Лист сказал смущённому герцогу, что он действительно объявил войну рутинёрам, в том числе и тем из них, кто имеет отличную подготовку, и что он ищет настоящих поэтов, которые черпают своё вдохновение из глубочайших источников. «Потому я и играю «Бенвенуто Челлини» Берлиоза, — продолжал Лист, — и «Манфреда» Шумана, а прежде всего вагнеровского «Лоэнгрина». Потому что хочу отпраздновать день рождения Гёте во всём блеске. И хочу, чтобы все произведения Вагнера впервые прозвучали здесь, в Веймаре. Ведь какую славу принесёт это городу! Здесь создавался «Фауст», и здесь нашло свой отчий дом искусство Вагнера. И эту слову, ваше величество, мы не должны уступить никому. Здесь должен прозвучать «Зигфрид», который окажется самым величественным не только среди произведений Рихарда Вагнера, но и сочинений всех композиторов столетия. Признаюсь, это только начало моего плана: учредить здесь, в Веймаре, олимпиады искусства и науки.
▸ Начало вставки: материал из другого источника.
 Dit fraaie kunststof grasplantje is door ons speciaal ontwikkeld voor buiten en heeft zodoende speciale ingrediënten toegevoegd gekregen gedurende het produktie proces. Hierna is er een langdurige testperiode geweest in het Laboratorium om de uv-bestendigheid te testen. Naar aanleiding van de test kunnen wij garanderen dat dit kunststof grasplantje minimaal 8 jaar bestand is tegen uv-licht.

Пусть каждые пять лет сюда съезжаются, чтобы помериться силами, художники, скульпторы, музыканты — исполнители и композиторы, а также писатели, философы, учёные-естествоиспытатели, поэты и драматурги. Лучшие их произведения войдут в фонд олимпийского музея Веймара. Наиболее успешные музыкальные и драматические произведения можно будет исполнить на сцене Веймарского театра; поэтические и научные сочинения — издавать в веймарских типографиях для всего просвещённого человечества. Убеждён, что тогда именно в Веймаре впервые исчезнут зависть, ненависть, ревность — чувства, которые во всём мире натравливают французов против немцев, итальянцев на австрийцев. Здесь расцвёл бы, ваше величество, олимпийский мир. И хоть я не политик, я уверен, что нет в Европе такого государя, нет такого класса, который не поддержал бы в этом грядущий город мира, город Шиллера и Гёте…»
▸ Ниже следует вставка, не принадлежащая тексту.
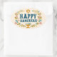Pegatina Ovalada FELIZ HABITACIÓN DE HANUKKAH floral Festividad jud

Со своими здравствующими бывшими друзьями — Шуманом, Гиллером и Берлиозом — ему так и не удалось достигнуть полного примирения. И Лист обратился к уже ушедшему из этого мира другу — к Шопену; пишет книгу о рано умершем музыканте. И снова впадает в ту же самую ошибку, что прежде, когда работал вместе с Мари. Только на этот раз с Каролиной. Ведь нужно писать о Польше. Княгине всё время кажется, что Ференц просто запутается в лабиринте национальных польских обычаев, исторических отношений. В конечном итоге у книги странный стиль. Одну страницу писал ученик Гюго, Бальзака и Ламартина, другую — словообильная польская аристократка, щедро нагромождающая эпитет на эпитет. Но есть в книге о Шопене и такое, что не оставляет места сомнениям. Эту книгу мог написать только Ференц Лист. Это и преклонение перед великим другом, и откровенное признание о самом себе: «…Шопен не научился ненавидеть и никогда даже не помышлял о мести…»
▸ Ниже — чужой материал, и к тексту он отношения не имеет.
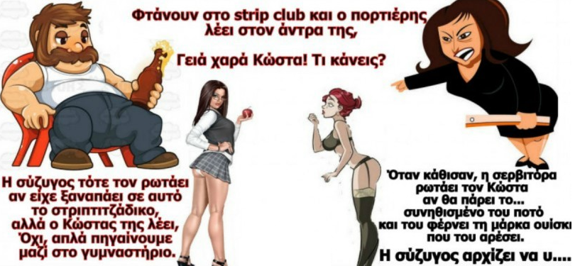 Η σύζυγος τότε τον ρωτάει αν είχε ξαναπάει σε αυτό το στριπτιτζάδικο, αλλά ο Κώστας της λέει, Όχι, απλά πηγαίνουμε μαζί στο γuμναστήριο.

Точно так же чуждой была всякая мысль мести и для Листа. Но его заботит судьба однажды обретённой и затем утраченной отчизны. Эту тоску по родине постоянно питают вновь и вновь долетающие до него горестные вести. Появляется Ласло Телеки. В письме он сообщает, что, хотя ему и удалось прорваться через австрийскую границу и линию фронта и выбраться за рубеж, он всё же угодил в сети венского правительства: в Венгрии скупили его долговые расписки и предъявили к оплате в Париже. Таким образом он, Телеки, очутился в долговой тюрьме. Однако нашёлся ангел-избавитель, выкупивший его из этой тюрьмы. Имя ангела — Мари д’Агу.

Объявляются и Аугус и восторженный учёный-музыковед Габор Матраи, опубликовавший собрание народных венгерских песен. Потом появляются два странноватых гостя: скрипач Оде Ремени и Иоганнес Брамс. Ремени не просто скрипач, это целый театр и оркестр в одном лице. Каролина плачет, восторгается и грустит вместе с ним, слушая его удивительный рассказ о битве под Браниско. Брамс сопровождает его рассказ на рояле, да так, что часто игра солиста бледнеет перед аккомпаниатором.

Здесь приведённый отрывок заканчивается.